Lyft, Inc. (LYFT) today released its first Lyft Multimodal Report, an important illustration of Lyft’s impact across race, gender, and socioeconomic status, including critical workers during the COVID-19 pandemic.
The report draws on survey responses from thousands of riders across the country to learn who they are and how they’re getting around.
Shared bikes and scooters have seen tremendous growth in recent years — and with it, greater potential for social impact in the communities we serve.
In 2020, over 1.8 million new riders tried Lyft’s shared bikes and scooters.
These sustainable, affordable micro-mobility options enhance urban transportation networks and make it easier for people to get around without owning a car.

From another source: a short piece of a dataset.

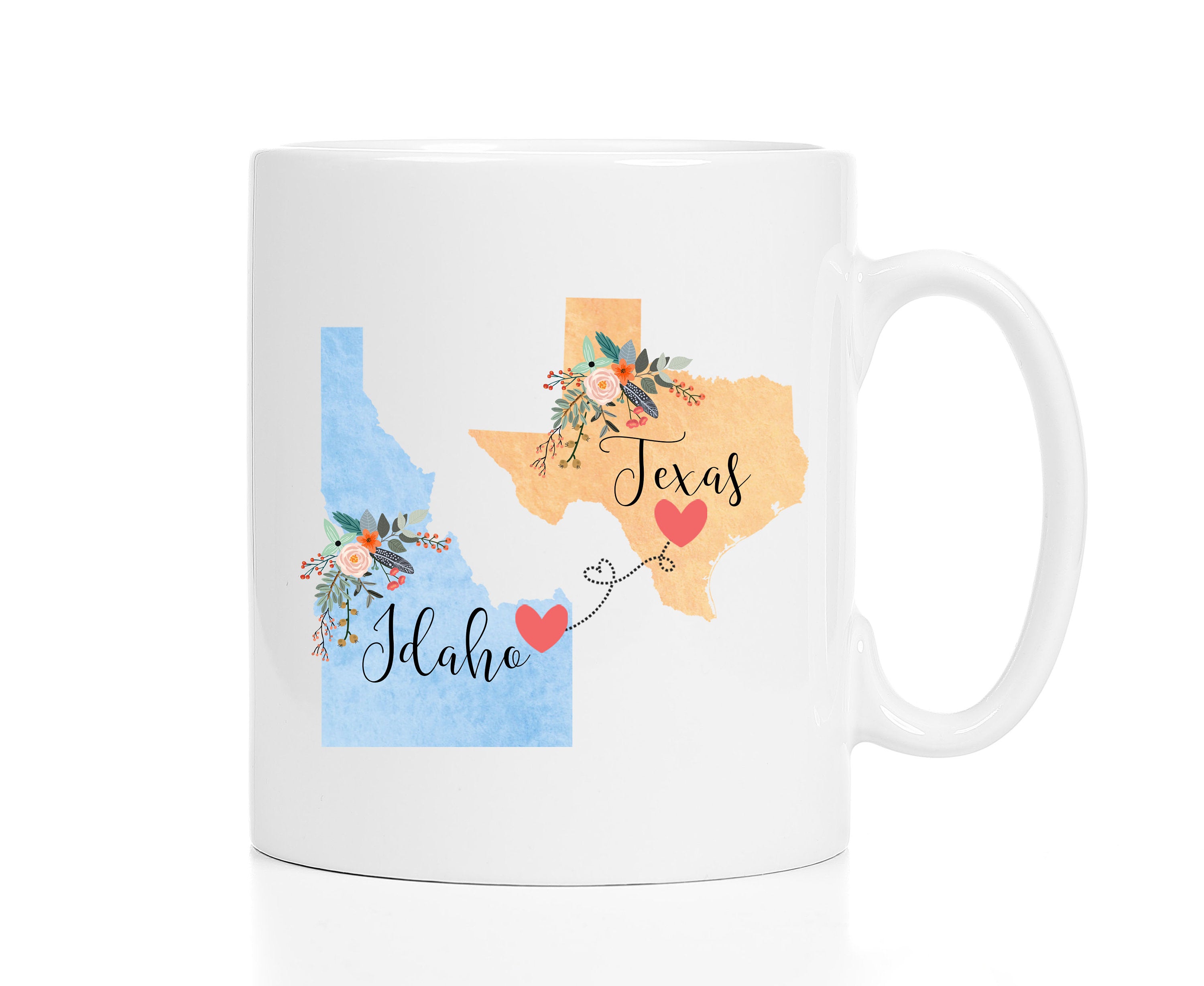 **No Delivery Dates Are Guaranteed. All shipping carriers are currently experiencing delays and transit times can be longer than normal. As a small business, we appreciate your patience and understanding that these circumstances are something that is out of our control. By purchasing this listing you are agreeing that you understand that the shipping date estimation may not be accurate.**Texas Idaho Mug / Idaho Texas Mug / Texas to Idaho Gift / Idaho to Texas Coffee Cup / 11 or 15 oz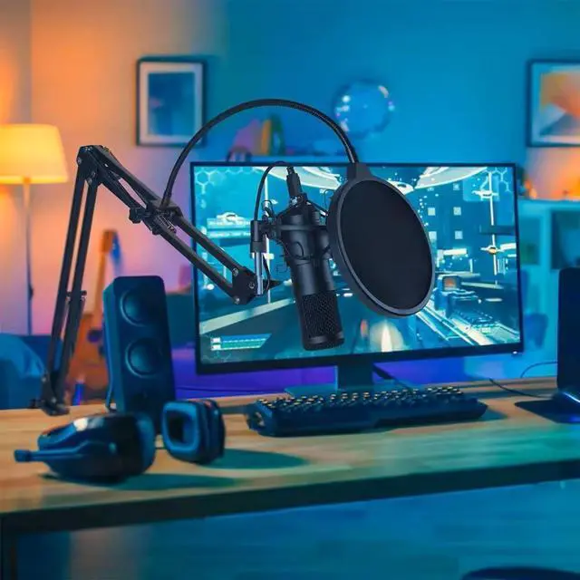 Professional Accessories IncludedEnhance your recording experience with our premium studio microphone kit. Complete with a sturdy scissor arm stand, double pop filter, and high-quality USB cable, this set has everything you need for top-notch sound production. (Keywords: studio microphone kit, scissor arm stand, double pop filter)

It’s why in 2018, Lyft acquired Motivate, North America’s largest bike-share operator, and added shared scooters as a convenient and fun option for short trips. Today, Lyft operates shared micro-mobility in 15 markets with our local city partners.
“If you want to reduce personal car ownership and bolster public transit systems in cities, this data clearly shows that shared micro-mobility plays an important role in building a multimodal alternative that meets the needs of riders,” said Caroline Samponaro, Head of Transit, Bike and Scooter Policy at Lyft. “The pandemic has changed the way people get around, and we are seeing encouraging signs that shared bikes and scooters are creating positive impacts on equity, sustainability, and the built environment in our communities.”
Key results include
Enhance mobility access in underserved communities.
- 53% of Lyft’s shared micro-mobility riders identify as members of racial and/or ethnic minority groups.
- The median household income of Lyft’s shared micro-mobility riders is $56,000.
- In New York City’s Citi Bike system, 49% of first-time riders in 2020 were women. The share of rides taken by women in this system grew nearly 25% from 2019 to 2020.
- 31% of Lyft’s bike-share stations are located in low-income areas, as defined by the U.S. Department of Housing and Urban Development.
- Members of Lyft’s reduced-fare bike-share and shared scooter programs rely on micro-mobility to get around: they take 12% more rides than standard members.
Provide a resilient mobility option during the COVID-19 pandemic.
- 28% of Lyft’s shared micro-mobility riders took more trips during the COVID-19 pandemic.
- 44% of Lyft’s shared micro-mobility riders said it would have been difficult or even impossible for them to access essential services throughout the pandemic without shared micro-mobility.
- Through Lyft’s Critical Workforce Program, essential workers have taken over 1.1M rides to date. 80% of these riders were brand new members of Lyft’s micro-mobility services.
Connect with public transit and encourage sustainable travel behaviors.
- 79% Lyft’s shared micro-mobility riders have used shared micro-mobility to connect to public transit.
- 54% of Lyft’s shared micro-mobility riders do not own or lease a personal vehicle. Among bikeshare members, this figure is 70%.
- Lyft’s shared micro-mobility riders own over half a million fewer vehicles because of the availability of shared micro-mobility services.
By providing riders with the best way to enjoy different mobility options in one place, Lyft delivers what people really want: the true freedom to ride.
Lyft has the opportunity to deliver one of the most significant shifts to society since the advent of the car. We’re excited to see how our integration of transit, bikes, and scooters will continue to bring us closer to our vision of cities for people.
Check out the full report here.
Lyft was founded in 2012 by Logan Green and John Zimmer to improve people’s lives with the world’s best transportation and is available to 95 percent of the United States population as well as select cities in Canada.
Lyft is committed to effecting positive change for our cities and making cities more livable for everyone through initiatives that bridge transportation gaps, and by promoting transportation equity through shared rides, bike-share systems, electric scooters, and public transit partnerships.